Quansight / lsst_dashboard

LSST Dashboard https://quansight.github.io/lsst_dashboard/
BSD 3-Clause "New" or "Revised" License
8 stars 3 forks source link

Performance: use multiple dask 'processes' per compute node. #159

Closed dharhas closed 4 years ago

dharhas commented 4 years ago

It looks like the dashboard performance is being impacted by us running 1 dask worker (or process) and 24 threads per compute node. This is probably because a lot of the computations are being blocked by the GIL.

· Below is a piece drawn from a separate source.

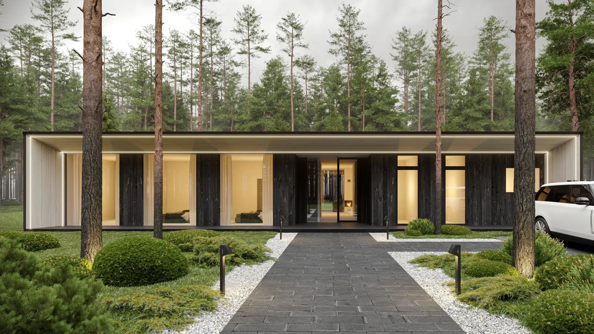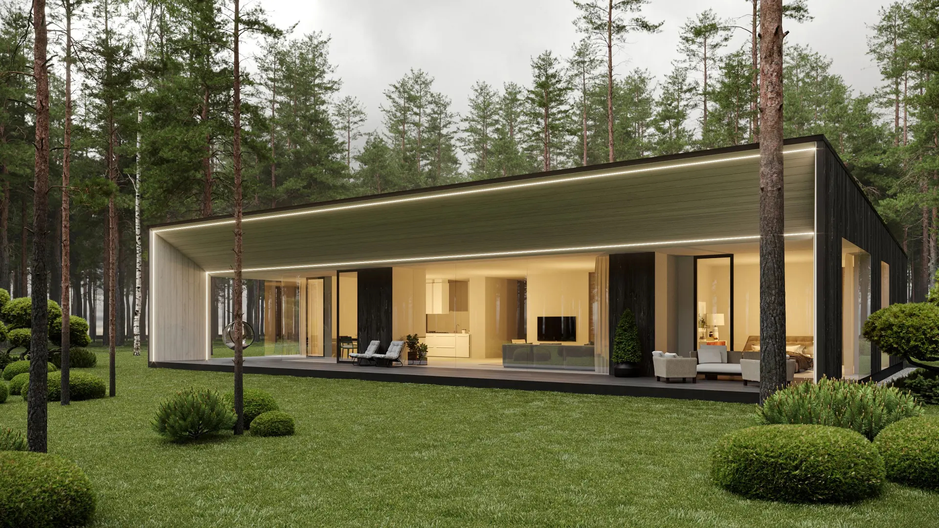 Стеклянные фасады открывают вид на озеро и позволяют сделать особый акцент на видовых характеристиках объекта.

Unfortunately fixing this looks like it might be a bit involved when combined with the fact that we are required to run the Dask Scheduler and Workers with specific port ranges on lsst-dev. The combination of multiple process per compute node and specific port ranges is currently not supported by dask-jobqueue.

Relevant issues:

https://github.com/dask/distributed/issues/899 https://github.com/dask/distributed/issues/2471

timothydmorton commented 4 years ago

We are also limited by the slurm configuration at the lsst cluster, which doesn't allow multiple process per node anyway.

However, we have been promised that we can have an early crack at the HTCondor cluster that they are working on setting up. I haven't heard anything about that recently, but pinged again about it today.

dharhas commented 4 years ago

I was able to get multiple processes per node working, and see the dask cluster but dask was having issues with tasks dying. There is one other thing I need to try with regaurds to explicitly setting the dask Nanny port. If that works, I'll post my slurm code here.

dharhas commented 4 years ago

Workaround that does not use dask-jobqueue:

dask-scheduler --port 29000 --dashboard-address :20500

and then use a startcluster.sh scripts

#!/usr/bin/env bash
#SBATCH -J dask-worker
#SBATCH -p normal
#SBATCH --nodes=2
#SBATCH --ntasks=12
#SBATCH --cpus-per-task=4
#SBATCH --mem=120G
#SBATCH -t 00:30:00
for i in {29001..29012}; do
    srun --exclusive -N 1 -n 1 /software/lsstsw/stack_20200220/python/miniconda3-4.7.12/envs/lsst-scipipe/bin/python -m distributed.cli.dask_worker tcp://141.142.237.49:29000 --nthreads 4 --nprocs 1 --memory-limit 20GB --name ${SLURM_JOB_ID}${i} --no-nanny --death-timeout 60 --worker-port ${i} >& slurm-${SLURM_JOB_ID}-task-${i}.out &
done
wait

and then

sbatch startcluster.sh

and then connect the client

from dask.distributed import Client
client = Client('127.0.0.1:29000') 
from lsst_dashboard.gui import dashboard
dashboard.render().show(port=20000)
dharhas commented 4 years ago

This is fixed in https://github.com/dask/distributed/pull/3704, should be available in the next release of distributed.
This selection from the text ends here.